- The Dutch smoke more than anyone in the developed world—around one in three adults are regular smokers. [The Guardian, 30th July 2005]
- From 1946-78, South Korea received nearly as much US aid as Africa. [New Yorker, 25th July 2005]
- Ten years after graduation, 44 per cent of 1980 female Harvard graduates who had married kept their own name, while just 32 per cent of 1990 graduates kept theirs. [Harvard Gazette, 26th August 2004]
- Per capita, Australia emits 30 per cent more greenhouse gases than the US. [Adam Smith Institute]
- 5.8 per cent of people ever born are alive today. [Population Reference Bureau]
- Since the 7th July bombings, tube passenger numbers have dropped by 15 per cent on weekdays and 30 per cent on weekends.
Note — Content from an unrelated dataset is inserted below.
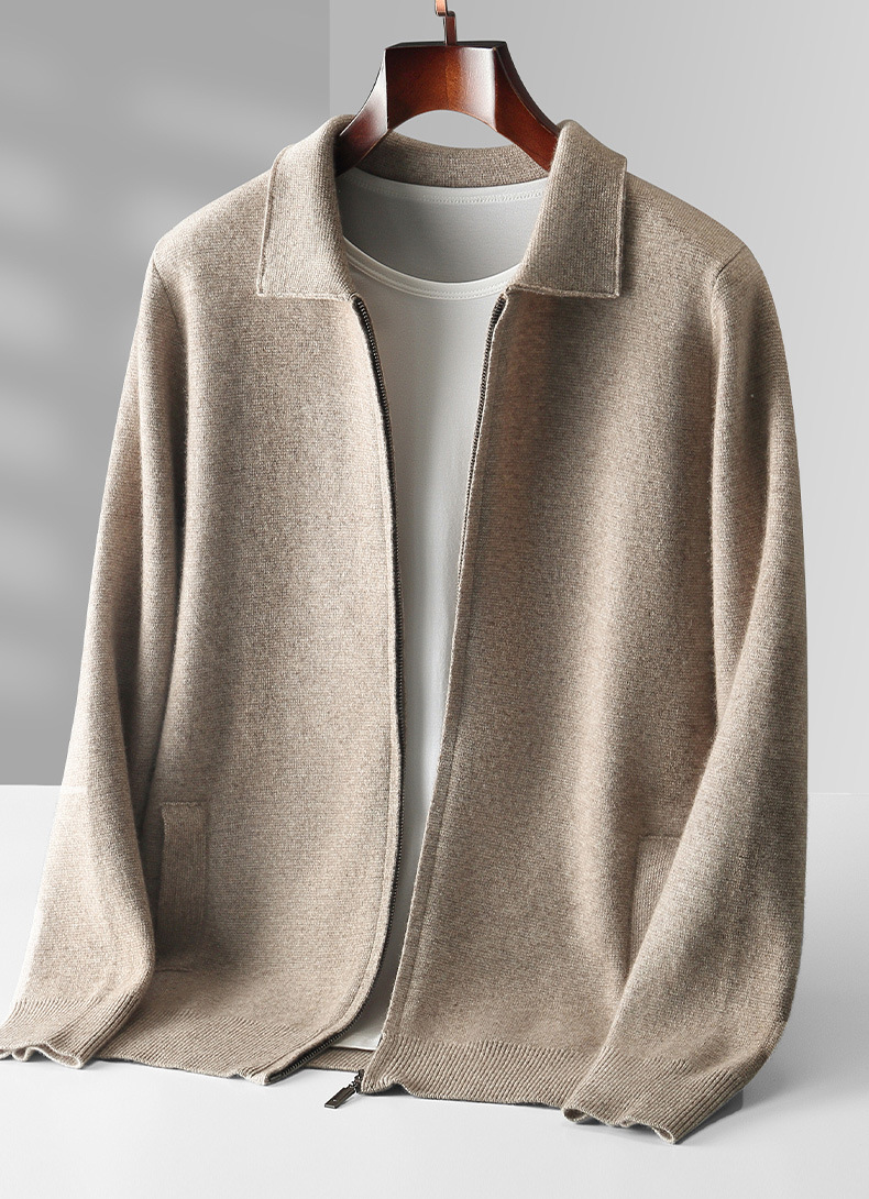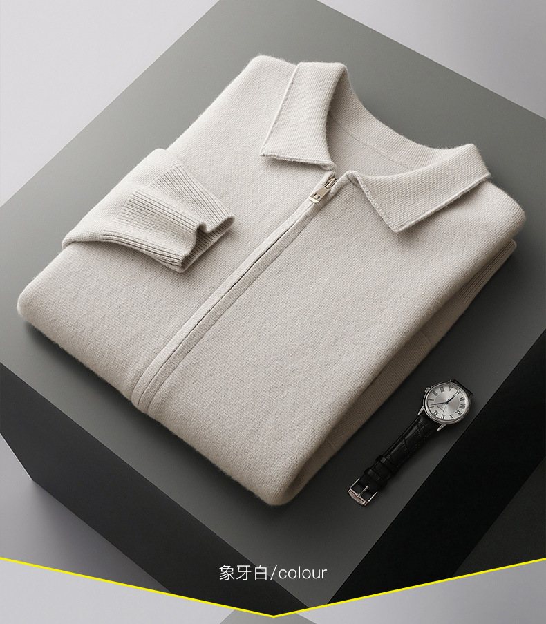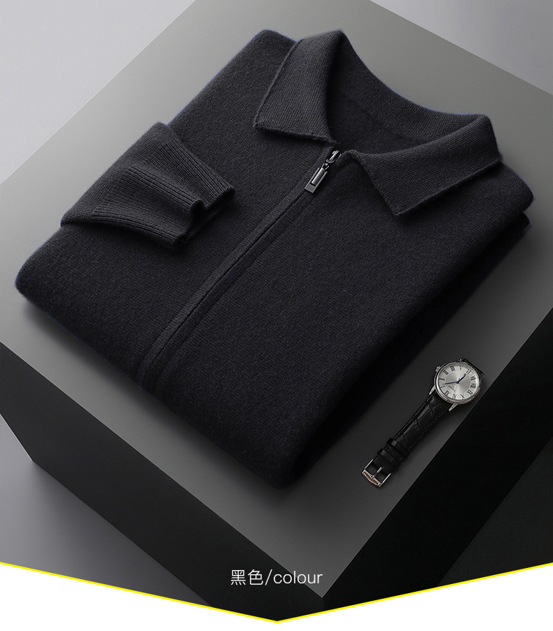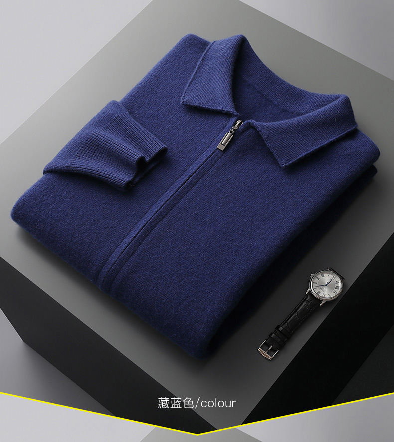 丁摩 100%纯羊毛开衫加厚秋冬男针织开衫宽松外穿潮流翻领大码外套4ZF-2340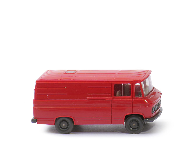 | Farbe Karosserie | rot | | Verglasung | klar | | Inneneinrichtung | ca. graubeige | | Lenkrad | mit | | Chassisfarbe | anthrazit | | Platte zur Achshalterung | anthrazit | | Bodenprägung | Wiking Germany 27 | | Beschriftung | ohne | | Bemalung | ohne | | Räder | anthrazit, 9 mm (groß) |

Bus numbers are steady. [The Guardian, 4th August 2005]
- There are 6,000 CCTV cameras on the London Underground, but only 900 that record permanently on the Paris metro and RER rail network. [The Economist, 13th July 2005]
- On average, Americans are more than four times as likely to move house over a year than the Japanese. [Slate, 18th July 2005]
- 2 per cent of the electricity used by a lightbulb is converted into light, the rest into heat. [Countdown to a fairer world, New Internationalist]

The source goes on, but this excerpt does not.